• _Available data_:
=== Section Start ===
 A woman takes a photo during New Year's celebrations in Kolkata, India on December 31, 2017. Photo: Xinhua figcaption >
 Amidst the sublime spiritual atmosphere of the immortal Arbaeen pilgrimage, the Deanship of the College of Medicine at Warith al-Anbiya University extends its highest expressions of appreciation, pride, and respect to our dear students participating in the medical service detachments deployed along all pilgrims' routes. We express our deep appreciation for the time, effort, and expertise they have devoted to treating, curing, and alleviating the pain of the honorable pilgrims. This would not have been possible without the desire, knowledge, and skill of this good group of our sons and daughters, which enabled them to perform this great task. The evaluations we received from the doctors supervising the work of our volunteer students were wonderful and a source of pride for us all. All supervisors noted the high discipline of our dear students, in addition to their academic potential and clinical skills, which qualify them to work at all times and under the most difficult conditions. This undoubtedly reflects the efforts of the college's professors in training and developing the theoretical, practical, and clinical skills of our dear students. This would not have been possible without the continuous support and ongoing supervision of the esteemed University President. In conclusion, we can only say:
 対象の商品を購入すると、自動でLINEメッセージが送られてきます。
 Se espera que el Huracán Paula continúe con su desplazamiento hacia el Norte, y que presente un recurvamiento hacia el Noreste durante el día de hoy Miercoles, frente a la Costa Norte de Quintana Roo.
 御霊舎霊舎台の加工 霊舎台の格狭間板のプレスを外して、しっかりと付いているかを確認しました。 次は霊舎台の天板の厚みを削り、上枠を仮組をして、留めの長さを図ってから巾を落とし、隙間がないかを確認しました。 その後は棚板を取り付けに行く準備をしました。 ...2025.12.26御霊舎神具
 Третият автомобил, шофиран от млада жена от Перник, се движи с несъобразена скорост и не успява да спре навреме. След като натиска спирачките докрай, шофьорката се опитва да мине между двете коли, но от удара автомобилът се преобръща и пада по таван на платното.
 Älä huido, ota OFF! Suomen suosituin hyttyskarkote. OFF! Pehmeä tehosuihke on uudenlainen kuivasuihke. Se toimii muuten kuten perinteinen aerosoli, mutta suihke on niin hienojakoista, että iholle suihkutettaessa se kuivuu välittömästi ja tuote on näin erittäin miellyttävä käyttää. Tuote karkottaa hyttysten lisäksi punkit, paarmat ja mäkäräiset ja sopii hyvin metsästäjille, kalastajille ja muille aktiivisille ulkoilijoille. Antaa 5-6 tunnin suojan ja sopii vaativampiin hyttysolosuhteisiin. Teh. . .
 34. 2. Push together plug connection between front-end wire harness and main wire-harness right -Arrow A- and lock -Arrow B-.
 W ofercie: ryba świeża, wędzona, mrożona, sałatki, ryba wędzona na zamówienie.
=== Section End ===
=== Section Start ===
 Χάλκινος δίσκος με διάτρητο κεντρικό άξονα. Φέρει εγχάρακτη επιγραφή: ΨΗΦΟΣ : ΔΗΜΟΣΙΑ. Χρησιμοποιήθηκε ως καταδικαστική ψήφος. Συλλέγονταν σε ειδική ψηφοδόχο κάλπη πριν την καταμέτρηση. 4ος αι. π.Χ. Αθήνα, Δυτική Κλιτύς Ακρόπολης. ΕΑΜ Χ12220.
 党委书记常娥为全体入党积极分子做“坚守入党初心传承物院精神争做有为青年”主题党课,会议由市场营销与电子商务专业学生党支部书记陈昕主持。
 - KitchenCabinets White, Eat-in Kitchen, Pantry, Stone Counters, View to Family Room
=== Section End ===
=== Section Start ===
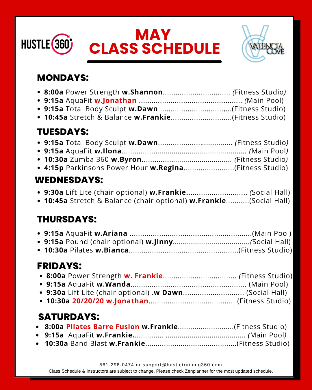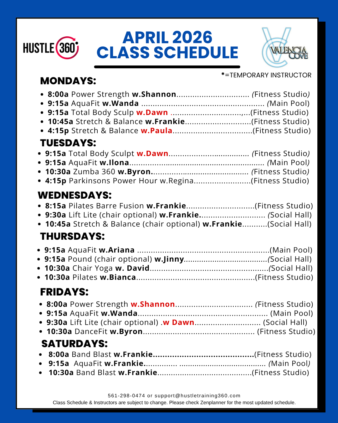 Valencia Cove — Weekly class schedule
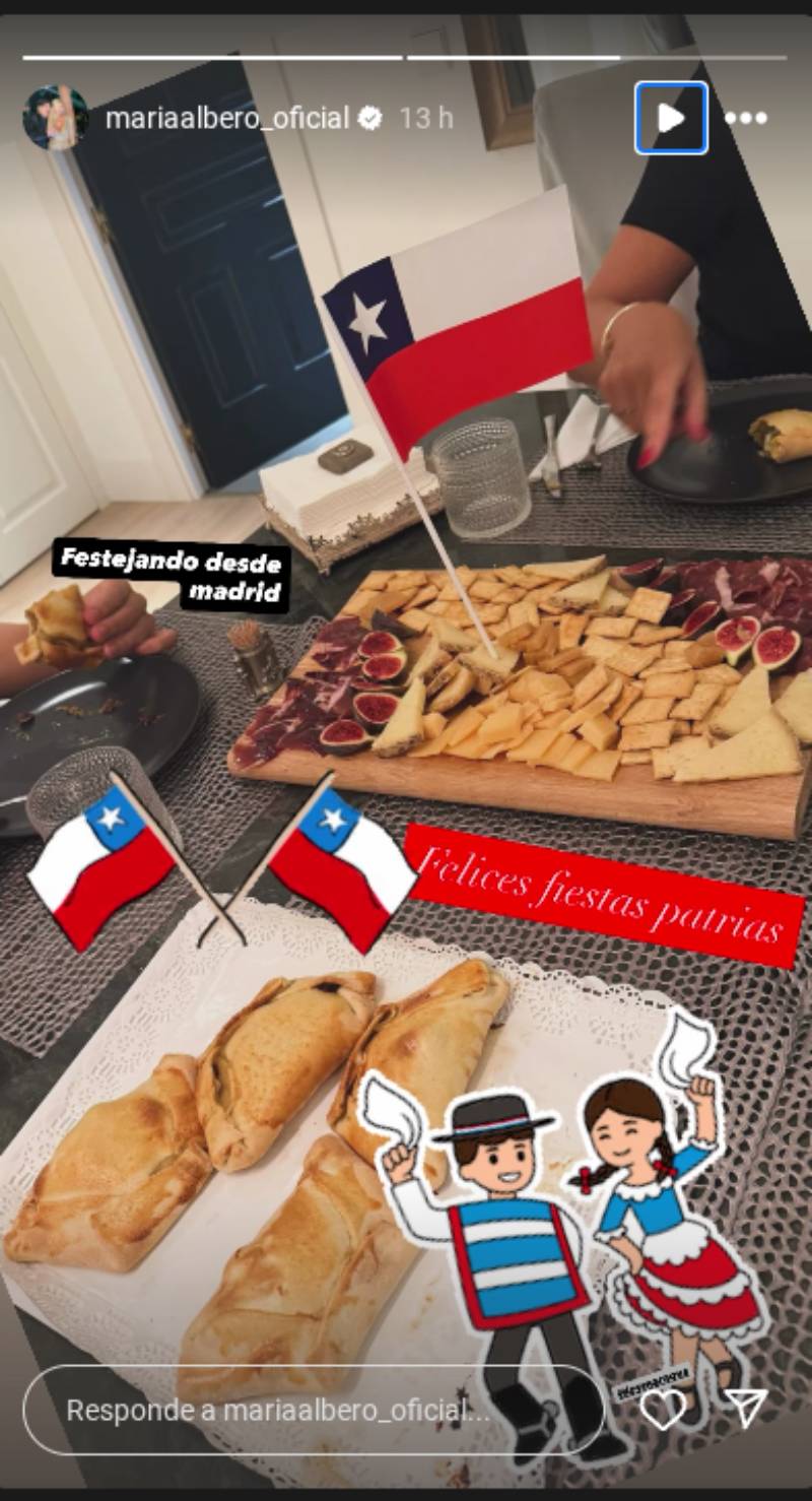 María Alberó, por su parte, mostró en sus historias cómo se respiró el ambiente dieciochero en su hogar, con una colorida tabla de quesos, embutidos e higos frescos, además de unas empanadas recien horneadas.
=== Section End ===
• _Task details_: Whatever pictures the records hold, omit them; give again exactly the lines from the one containing "Valencia Cove — Weekly class schedule" through the one containing "María Alberó, por".

• _Written answer_:
 Valencia Cove — Weekly class schedule
 María Alberó, por su parte, mostró en sus historias cómo se respiró el ambiente dieciochero en su hogar, con una colorida tabla de quesos, embutidos e higos frescos, además de unas empanadas recien horneadas.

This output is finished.